=== EXTRACTED ENTRIES ===

= Beginning of Section =

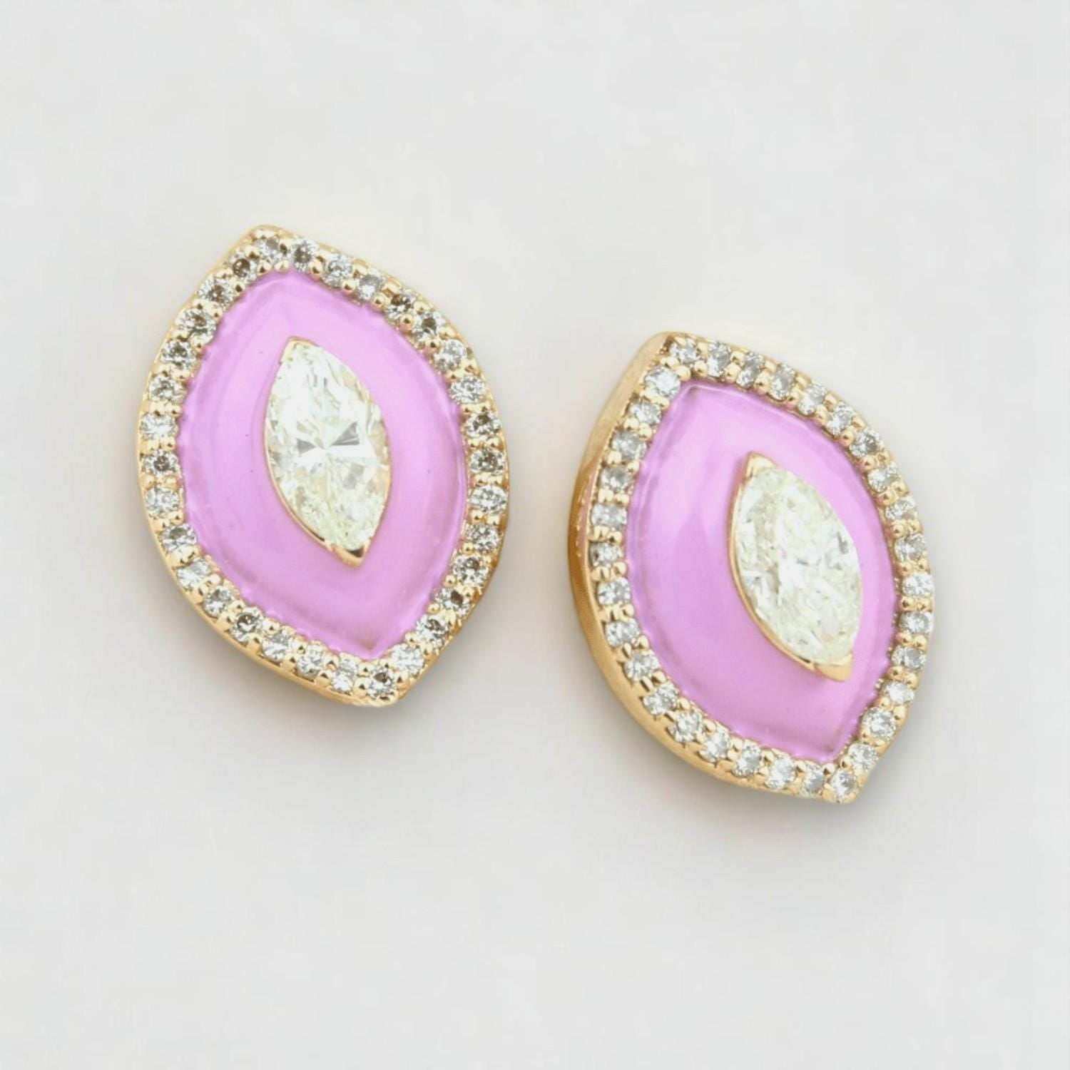Eye shape Diamond Stud Earrings with Pink Enameling in 14k Solid Gold, Marquise & Round Natural Diamonds, Ready To Ship, Women's Day Gift
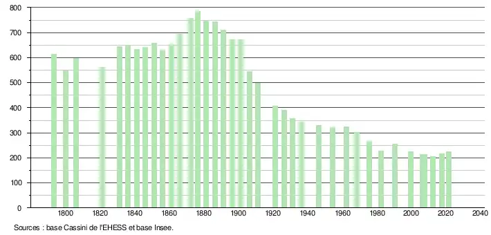 L'évolution du nombre d'habitants est connue à travers les recensements de la population effectués dans la commune depuis 1793. Pour les communes de moins de 10 000 habitants, une enquête de recensement portant sur toute la population est réalisée tous les cinq ans, les populations légales des années intermédiaires étant quant à elles estimées par interpolation ou extrapolation[23]. Pour la commune, le premier recensement exhaustif entrant dans le cadre du nouveau dispositif a été réalisé en 2007[24].
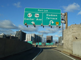 The ramp for exit 73 splits. Bear right for Hudson Terrace (CR 505). Bear left for Lemoine Avenue (NJ 67), Fletcher Avenue (US 9W), and Center Avenue.
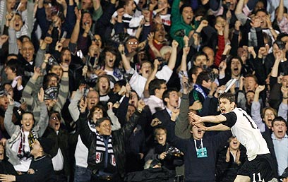 זולטן גרה חוגג עם אוהדי פולהאם עלייה הסטורית לגמר (רויטרס)
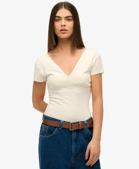 Design: Gevoerde zoom/rand, Rechte zoom, Diepe snit/decolleté; Materiaal: Jersey; Halstype: V-hals; Motief: Effen; Details: Gedrapeerd; Extra's: Op staal naden, Voelt zacht aan; Pasvorm: Slanke pasvorm; Armlengte: Kwartmouw; Lengte: Korte pasvorm
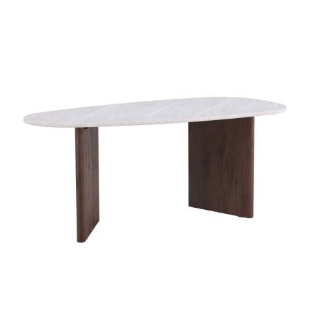 Une Table à manger qui évoque l'élégance naturelle et la modernité subtile. Avec ses 180 cm et sa forme elliptique unique, elle devient le point central d'une salle à manger contemporaine. Son plateau en imitation pierre gris clair ajoute une touche de raffinement, évoquant l'esthétique intemporelle de la pierre naturelle. Les pieds au fini bois moka offrent un contraste chaleureux, fusionnant harmonieusement la modernité et le naturel dans un design épuré et captivant.
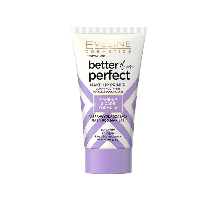 Європейському СоюзіБаза для обличчя Better Than Perfect від Eveline ідеально розгладжує шкіру, тим самим вирівнюючи її структуру, забезпечуючи ідеальний вигляд на багато годин. База ефективно зменшує виділення шкірного сала і наповнює обличчя ефектом blur. Формула розгладжуючої бази Eveline Better Than Perfect збагачена гіалуроновою кислотою, колагеном, керамідами та вітамінами С і Е. Ця комбінація активних інгредієнтів гарантує зволоження та відновлення шкіри.
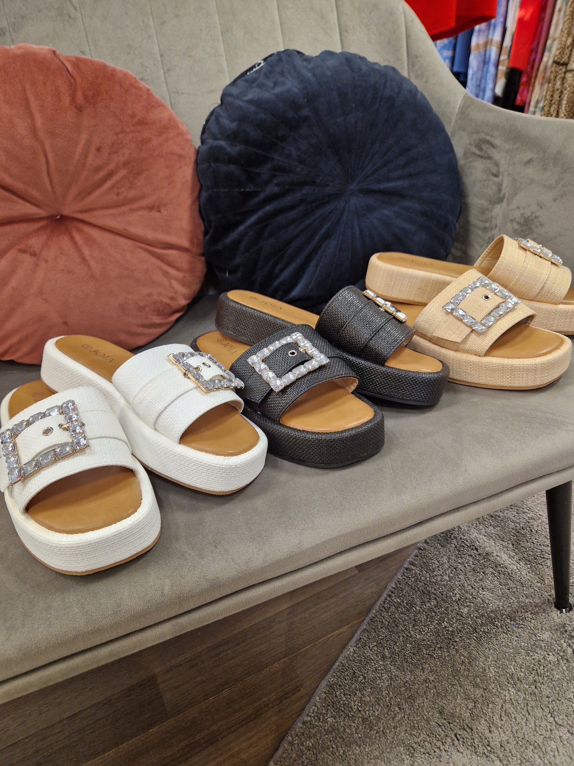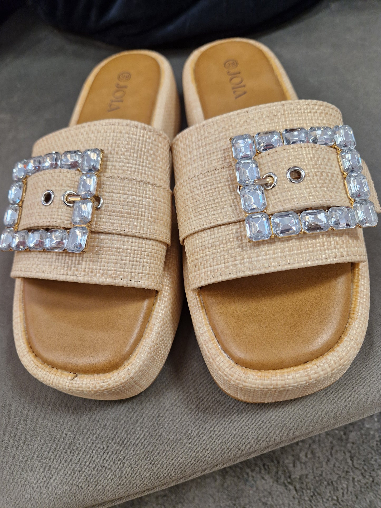 Kevyet sandaalit, jossa strassi koriste. Pehmeä sisäpohja
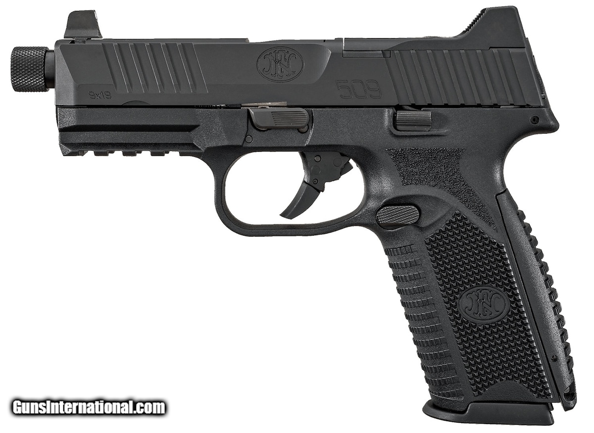 Description: Guns Listing ID: 50286 The FN 509 Tactical an extension of the FN 509 family is based on FNs submission pistol that the U.S. Army tested for its Modular Handgun Trials but includes the significant improvements to the design that were implemented in the FN 509. The pistol features a patent-pending Low-Profile Optics Mounting System that enables the platform to accept miniature red dot (MRD) optics that co-witness with the suppressor-height night sights. The slide cap has raised sight wings that protect iron sight alignment if the pistol is dropped or jostled and provides a textured ramp for racking the slide against a belt loop pant pocket or boot. An FN-signature 4.5-inch cold hammer-forged stainless-steel barrel with target crown 12 x 28 threads that accept the bulk of 9mm suppressors available and thread cap with integrated O-ring to prevent loosening during use complete the top end. The 509 Tactical ships with two interchangeable backstraps and FN logo soft pistol case. This model has a black finish and comes with one 17-round magazine and two 24-round magazines. SOLD Manufacturer: FN Model: 509 TACTICAL Caliber Info: 9MM LUGER (9X19 PARA) Condition: new Barrels: 4.5" barrel |
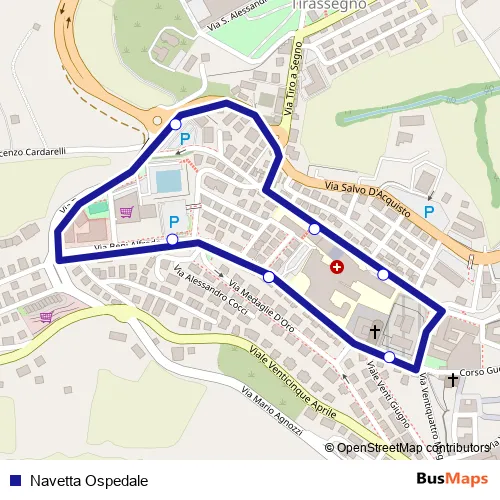 The first stop of the Navetta Ospedale bus route is Ospedale and the last stop is Ospedale. Navetta Ospedale (Navetta Ospedale) is operational during tutti i giorni.
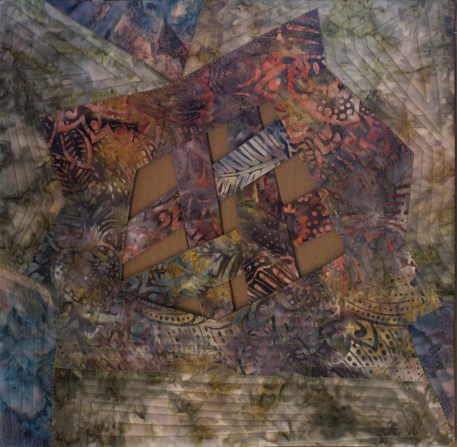 I suspect that the colours on my computer screen are not doing justice to this piece (things tend to look darker than they are on it.) The use of woven tubes to fill space is very interesting. You have taken the opportunity to explore different techniques in the series, while letting all of the pieces reflect geometry. Your choice of batiks is lovely.

= End of Section =

=== INSTRUCTIONS TO FOLLOW ===
Output nothing but the records above, word for word, with the pictures removed.

=== EXERCISE SOLUTION ===
Eye shape Diamond Stud Earrings with Pink Enameling in 14k Solid Gold, Marquise & Round Natural Diamonds, Ready To Ship, Women's Day Gift
 L'évolution du nombre d'habitants est connue à travers les recensements de la population effectués dans la commune depuis 1793. Pour les communes de moins de 10 000 habitants, une enquête de recensement portant sur toute la population est réalisée tous les cinq ans, les populations légales des années intermédiaires étant quant à elles estimées par interpolation ou extrapolation[23]. Pour la commune, le premier recensement exhaustif entrant dans le cadre du nouveau dispositif a été réalisé en 2007[24].
 The ramp for exit 73 splits. Bear right for Hudson Terrace (CR 505). Bear left for Lemoine Avenue (NJ 67), Fletcher Avenue (US 9W), and Center Avenue.
 זולטן גרה חוגג עם אוהדי פולהאם עלייה הסטורית לגמר (רויטרס)
 Design: Gevoerde zoom/rand, Rechte zoom, Diepe snit/decolleté; Materiaal: Jersey; Halstype: V-hals; Motief: Effen; Details: Gedrapeerd; Extra's: Op staal naden, Voelt zacht aan; Pasvorm: Slanke pasvorm; Armlengte: Kwartmouw; Lengte: Korte pasvorm
 Une Table à manger qui évoque l'élégance naturelle et la modernité subtile. Avec ses 180 cm et sa forme elliptique unique, elle devient le point central d'une salle à manger contemporaine. Son plateau en imitation pierre gris clair ajoute une touche de raffinement, évoquant l'esthétique intemporelle de la pierre naturelle. Les pieds au fini bois moka offrent un contraste chaleureux, fusionnant harmonieusement la modernité et le naturel dans un design épuré et captivant.
 Європейському СоюзіБаза для обличчя Better Than Perfect від Eveline ідеально розгладжує шкіру, тим самим вирівнюючи її структуру, забезпечуючи ідеальний вигляд на багато годин. База ефективно зменшує виділення шкірного сала і наповнює обличчя ефектом blur. Формула розгладжуючої бази Eveline Better Than Perfect збагачена гіалуроновою кислотою, колагеном, керамідами та вітамінами С і Е. Ця комбінація активних інгредієнтів гарантує зволоження та відновлення шкіри.
 Kevyet sandaalit, jossa strassi koriste. Pehmeä sisäpohja
 Description: Guns Listing ID: 50286 The FN 509 Tactical an extension of the FN 509 family is based on FNs submission pistol that the U.S. Army tested for its Modular Handgun Trials but includes the significant improvements to the design that were implemented in the FN 509. The pistol features a patent-pending Low-Profile Optics Mounting System that enables the platform to accept miniature red dot (MRD) optics that co-witness with the suppressor-height night sights. The slide cap has raised sight wings that protect iron sight alignment if the pistol is dropped or jostled and provides a textured ramp for racking the slide against a belt loop pant pocket or boot. An FN-signature 4.5-inch cold hammer-forged stainless-steel barrel with target crown 12 x 28 threads that accept the bulk of 9mm suppressors available and thread cap with integrated O-ring to prevent loosening during use complete the top end. The 509 Tactical ships with two interchangeable backstraps and FN logo soft pistol case. This model has a black finish and comes with one 17-round magazine and two 24-round magazines. SOLD Manufacturer: FN Model: 509 TACTICAL Caliber Info: 9MM LUGER (9X19 PARA) Condition: new Barrels: 4.5" barrel |
 The first stop of the Navetta Ospedale bus route is Ospedale and the last stop is Ospedale. Navetta Ospedale (Navetta Ospedale) is operational during tutti i giorni.
 I suspect that the colours on my computer screen are not doing justice to this piece (things tend to look darker than they are on it.) The use of woven tubes to fill space is very interesting. You have taken the opportunity to explore different techniques in the series, while letting all of the pieces reflect geometry. Your choice of batiks is lovely.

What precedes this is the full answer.